The first feeding pontoon is about 1.2K from the start and about 500 meters straight out from shore. The feeding pontoon sits at least 6-8 feet from the surface of the water, depending on the ocean swells, so this presents some technical issues in trying to reach down to the swimmers for a feeding. The height and movement of the pontoon may become problematic if 20-30 swimmers are barreling together towards the feeding station in a large pack in rough seas.
The organizing committee is requiring each of the coaches on the feeding stations to wear life jackets – all bright yellow, which makes it difficult for the swimmers to distinguish their own coach from the dozens of other coaches on the pontoons. But, Jeremy Vail, Lindsay Mintenko, Dr. Miller and Paul devised a new feeding system and schedule that should be convenient and beneficial for Kalyn and Chloe.

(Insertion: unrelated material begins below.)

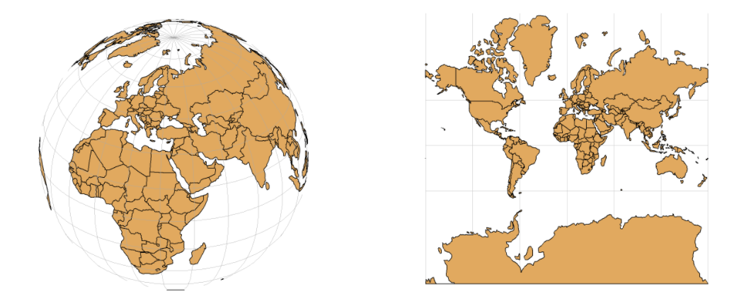 投影是将地球的三维表面转化为某一个二维平面,所有的地图投影都会以某种方式扭曲地球表面,并不能同时保留所有的面积、方向、形状和距离属性。

The second feeding pontoon is near the start and is 2-4 feet off the surface of the water. Paul and Steve may be together on one feeding station – or they may be positioned on different feeding stations – depending on the conditions on race day and the requests of the swimmers. Because most of the teams are in the same hotel, it is interesting to hear the feeding strategies of the different teams. But, the feeding strategies of the other competitors will become apparent 30 minutes before the start of the race when the coaches have to make a choice and board one of the two different boats that will take them out to feeding stations. The two different boats will be boarded in the same area. So, like managers on baseball teams signaling to pitchers, it will be interesting to see the body language and movement of the coaches just prior to boarding.
The women’s 10K race begins at 12 noon tomorrow which allows the swimmers to get a nice breakfast and warm-up in.
Needless to say, our young ladies are very ready to go. It will be exciting.